Work order: Verbatim copy, pictures excluded: every line from the one with "Look red carpet" through the final line of the data below, and no other line.

Data shown:
---
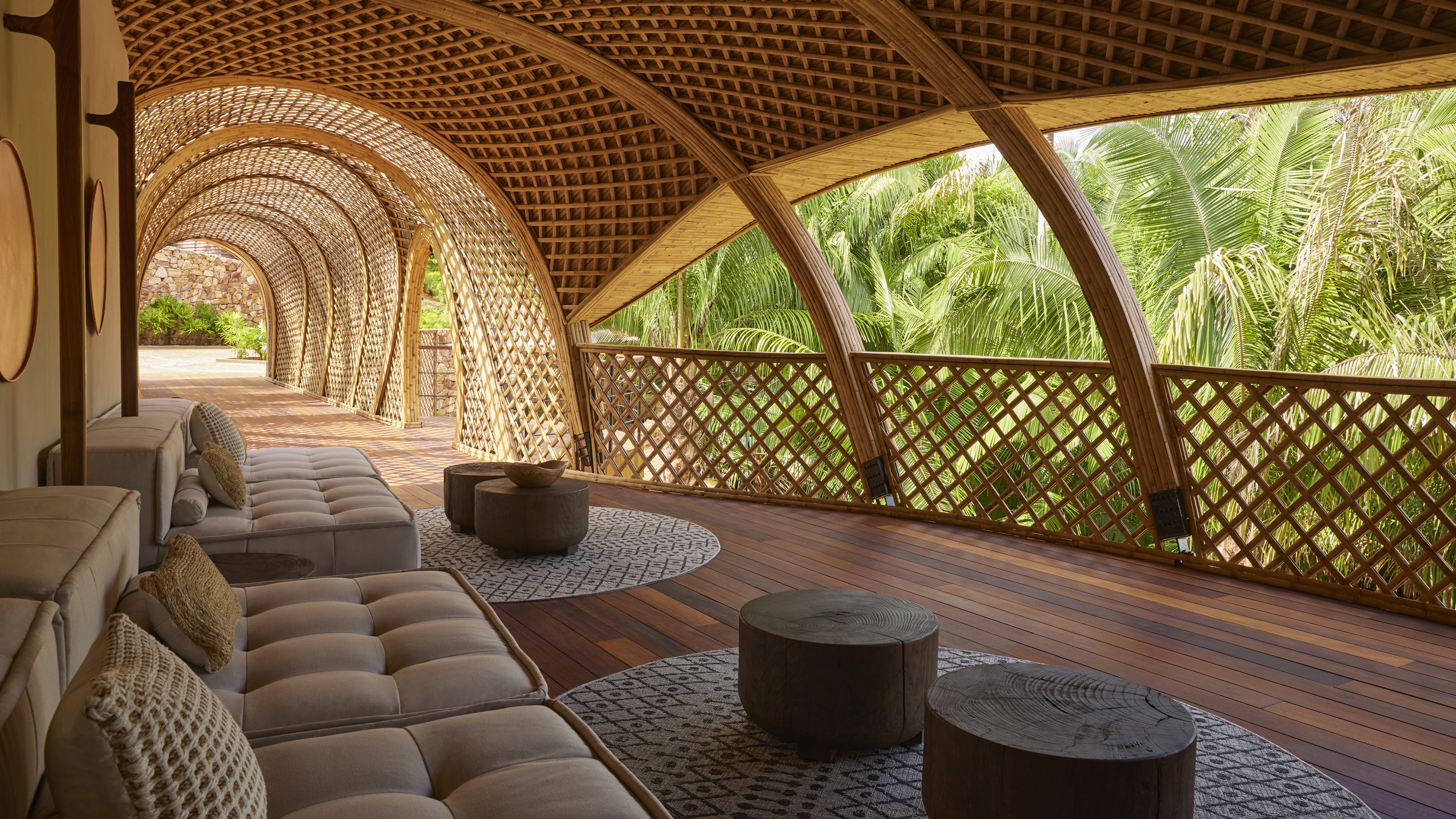 Luxury Frontiers designed the 15 tented bungalows as a study in biophilic architecture, with canvas roll-up walls that open the living areas directly to the jungle and bespoke furniture fabricated by local artisans. The site design team (EDSA) surveyed the 48-acre peninsula tree by tree and hand-placed the tents between roughly 1,800 preserved specimens, with another 345 natives added after construction. Materials run to laminated bamboo, copper, and indigenous stone. The arrival sequence (a timber footbridge wrapped in a lattice bamboo weave, opening into a copper-shingle cocoon) is one of the most controlled welcome experiences in any Mexican resort. Adults only (16+), 15 tents, operationally independent of its larger Four Seasons neighbor next door.
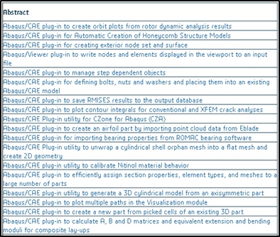 Several plug-ins are provided on the Abaqus installation CD. The portal provides example plug-ins as well as access to a community of users that fosters the advance of the Abaqus Scripting Interface and the Abaqus GUI Toolkit. You can also write your own plug-ins.
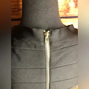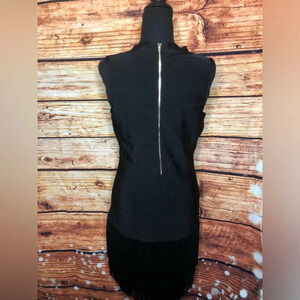 Look red carpet ready as soon as you slip into this flattering bandage mini dress! The banded style fits to your figure with the help of Hold U In fabric for curve appeal. The V-neck and sleeveless, back-zip bodice show off your sexy side while the fringe hem moves with you as you hit the dance floor.
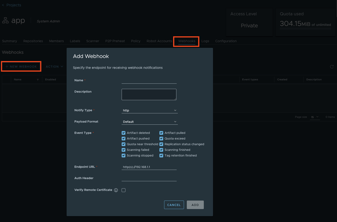 그리고 Webhook 탭을 클릭하면 여러 웹훅을 설정할 수 있는데 NEW WEBHOOK 버튼을 누르면 특정 이벤트가 발생했을 때 웹훅을 날릴 수 있도록 구성을 할 수 있다. 웹훅을 잘 사용한다면 다양한 자동화 및 알림 기능을 사용할 수 있다. 예를 들어, Scanning finished 이벤트 타입의 웹훅을 설정한다면 스캐닝이 완료된 후 Slack 등으로 알림을 보내는 기능을 도입할 수 있다.
---
Written solution:
 Look red carpet ready as soon as you slip into this flattering bandage mini dress! The banded style fits to your figure with the help of Hold U In fabric for curve appeal. The V-neck and sleeveless, back-zip bodice show off your sexy side while the fringe hem moves with you as you hit the dance floor.
 그리고 Webhook 탭을 클릭하면 여러 웹훅을 설정할 수 있는데 NEW WEBHOOK 버튼을 누르면 특정 이벤트가 발생했을 때 웹훅을 날릴 수 있도록 구성을 할 수 있다. 웹훅을 잘 사용한다면 다양한 자동화 및 알림 기능을 사용할 수 있다. 예를 들어, Scanning finished 이벤트 타입의 웹훅을 설정한다면 스캐닝이 완료된 후 Slack 등으로 알림을 보내는 기능을 도입할 수 있다.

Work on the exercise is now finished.